Published 03/07/2024 11:14 | Edited 03/07/2024 12:09
Argentine businesspeople from the food and beverage and consumer goods segments met, this Wednesday (6), with the country’s Economy Minister, Luis Caputo, to express concern about the sharp drop in retail sales since the beginning of this year.
In addition to an 8% drop in sales in supermarkets, around 61% of companies in Argentina said they had reduced their production and 69% said they had suffered a drop in sales.
The enormous spike in the prices of products and services in the neighboring country is due to the arrival of President Javier Milei at Casa Rosada and the implementation of austere and liberalizing policies. An avowed anarcho-capitalist, Milei declared war on the State in favor of the free market and the strengthening of the private sector.
However, it seems that the main mass consumption companies have turned on the red alert for the loss of the population’s purchasing power generated by the total lack of control of inflation. In November, former president Alberto Fernández’s last month in government, inflation reached 12.5%, but soared to 25.5% in December and 20.6% in January after Milei took office, the highest monthly increases since 1991.
In total, 17 representatives met with Caputo and the Secretary of Commerce, Pablo Lavigne, at the Palácio da Fazenda. Multinationals from the consumer goods sector such as Johnson & Johnson,
Loreal, Unilever and Procter & Gamble and food, such as Quickfood SA, Arcor, Danone, Coca Cola and Nestlé.
Other national companies also participated in the meeting: Mondelez, Mastellone, Rio de la Plata Mills, Cañuelas Mills, Beer Industrial Company, Quilmes, Establishment Las Marías and Las Tres Niñas.
“Basically he (Caputo, economy minister) listened to the sectors. We express general concern about the sharp drop in sales. He asked us for clarity on price dynamics, as in the case of promotions and discounts”, said one of the sources interviewed by Infobae.
The meeting takes place the week after the Argentine government celebrated the economy’s first primary surplus in the last 12 years.
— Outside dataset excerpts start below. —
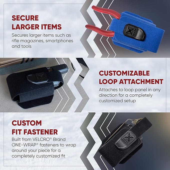 - ORGANIZED TACTICAL GEAR - The MAK LOK is sized to fit larger items such as rifle magazines, smartphones, and med kits but can be adjusted to fit smaller items.
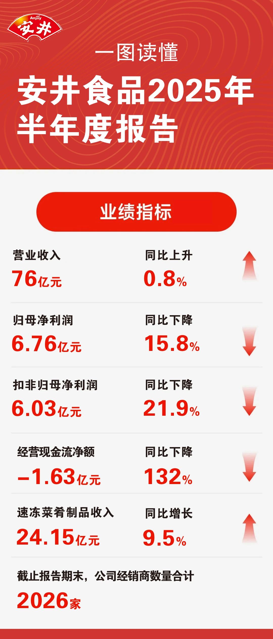 昨日晚间,安井食品公布2025年半年报,公司营业收入为76亿元,同比上升0.8%;归母净利润为6.76亿元,同比下降15.8%;扣非归母净利润为6.03亿元,同比下降21.9%;经营现金流净额为-1.63亿元,同比下降132%;
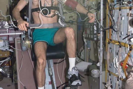 El cosmonauta Yuri Malenchenko hace ejercicio en la Estación Internacional Espacial. Agosto de 2003.
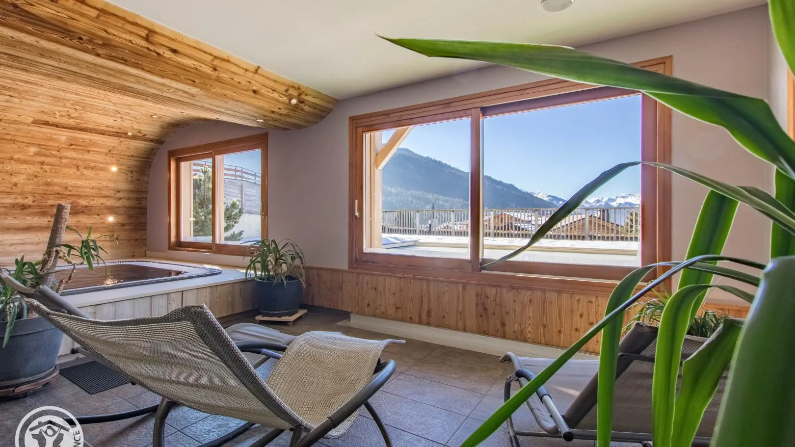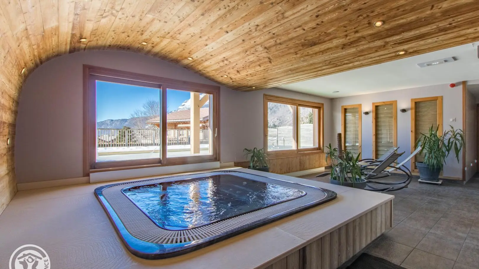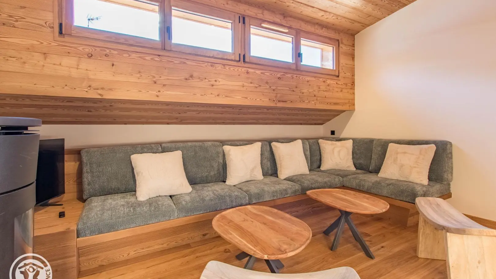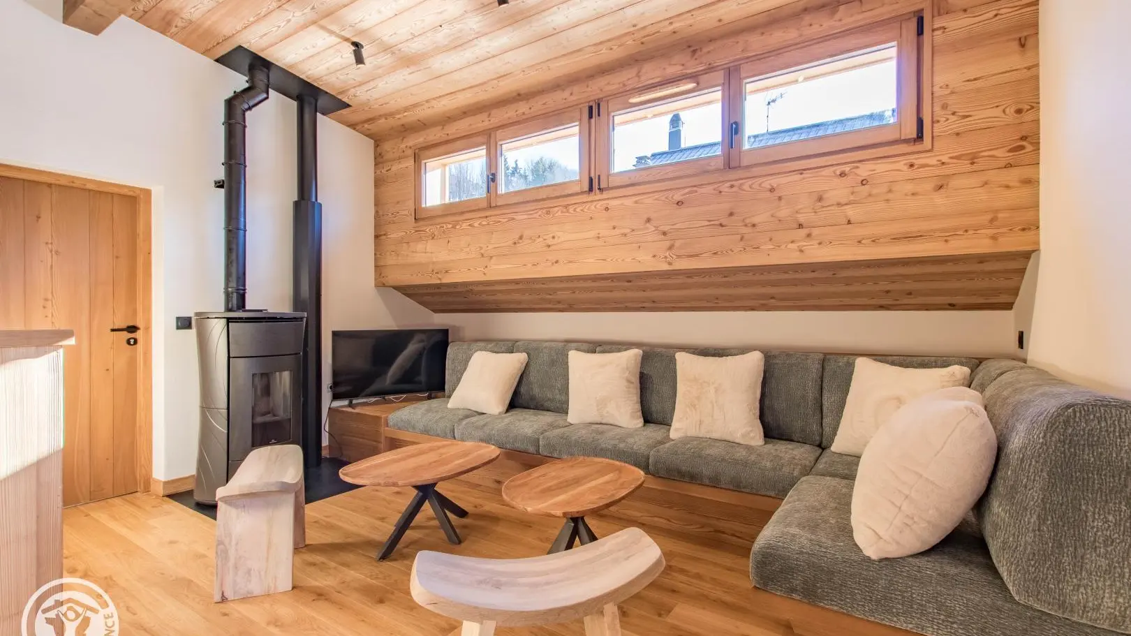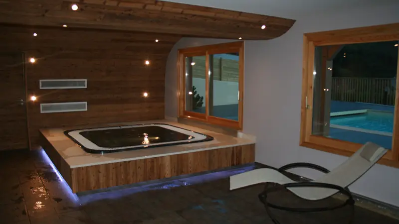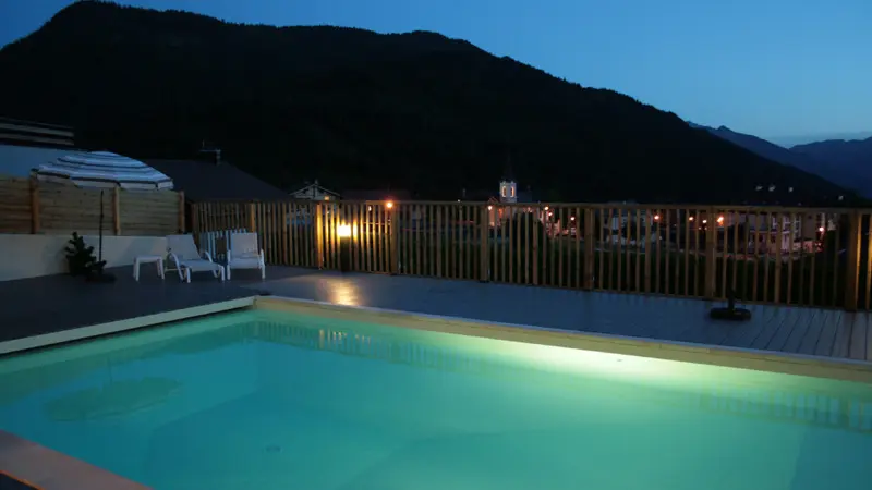 Opposite the Thônes valley, south-facing chalet comprising 2 comfortable apartments. Gîte (29 sq. m.) on 1st floor: terrace, double bedroom, showeroom/WC, kitchen/living room (double sofa bed). Renewable energy (wood-fired heating, solar heated water). Free access to fenced garden (children's games, swimming pool). 10% reduction for stays of 3 weeks. Hotel-style services on request (take-away meals, cleaning, bed et house linen hire). Free shuttles to La Clusaz et Le Grand-Bornand. Only 1 pet allowed. Free access to hot tub, sauna, hammam, Jacuzzi, massage room at the 'Chalet à Bulles' next door to the 'Chalet Chantoiseau'.

The result is due to the federal government cutting subsidies and assistance to the poorest, part of the far-right leader’s chainsaw plan.
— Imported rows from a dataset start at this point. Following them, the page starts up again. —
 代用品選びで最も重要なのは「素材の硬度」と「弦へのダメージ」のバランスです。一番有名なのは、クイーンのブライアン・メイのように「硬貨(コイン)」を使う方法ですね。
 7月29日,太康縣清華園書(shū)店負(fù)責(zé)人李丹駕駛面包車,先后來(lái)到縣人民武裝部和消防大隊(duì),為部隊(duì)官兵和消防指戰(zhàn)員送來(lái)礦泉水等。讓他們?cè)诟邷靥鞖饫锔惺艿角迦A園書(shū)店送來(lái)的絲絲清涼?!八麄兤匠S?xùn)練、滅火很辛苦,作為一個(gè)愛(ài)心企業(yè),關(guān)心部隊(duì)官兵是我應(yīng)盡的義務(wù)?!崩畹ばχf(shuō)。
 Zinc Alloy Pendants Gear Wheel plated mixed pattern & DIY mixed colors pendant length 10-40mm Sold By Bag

While the government contains spending and preaches against what it calls “castes”, the country’s population has been succumbing to poverty. In January, mass packaged consumption suffered a retraction of 3.8% compared to the same month in 2023, according to consultancy Scentia. The survey recorded that sales in supermarkets fell 8% in the same period.
The consultancy highlights the possibility that changes in habits due to inflation have intensified during the spike in prices. The speed of the fall in the purchasing power of salaries was so great that the deterioration in purchasing power reached 20% in just two months, according to the Labor secretariat.
Even workers with “stable” wages lost purchasing power, even with more regular salary adjustments.
The Ripte index, which measures the nominal variation in salaries of this group of workers who have had job stability in the last year, showed that in February the income of these families rose 14.7%, almost six percentage points behind the inflationary pace of that month.
“It is likely that habits that we have already seen will also intensify, with more frequent trips to the markets, but with fewer products per purchase, so that one can be more careful with spending in each act of purchase”, says Scentia.
In the coming months, it is possible that a slow disinflation process will begin, caused by low household consumption. In this context of falling consumption, companies have already signaled that they will begin to review their prices so as not to lose any more sales and avoid further interruption of activity.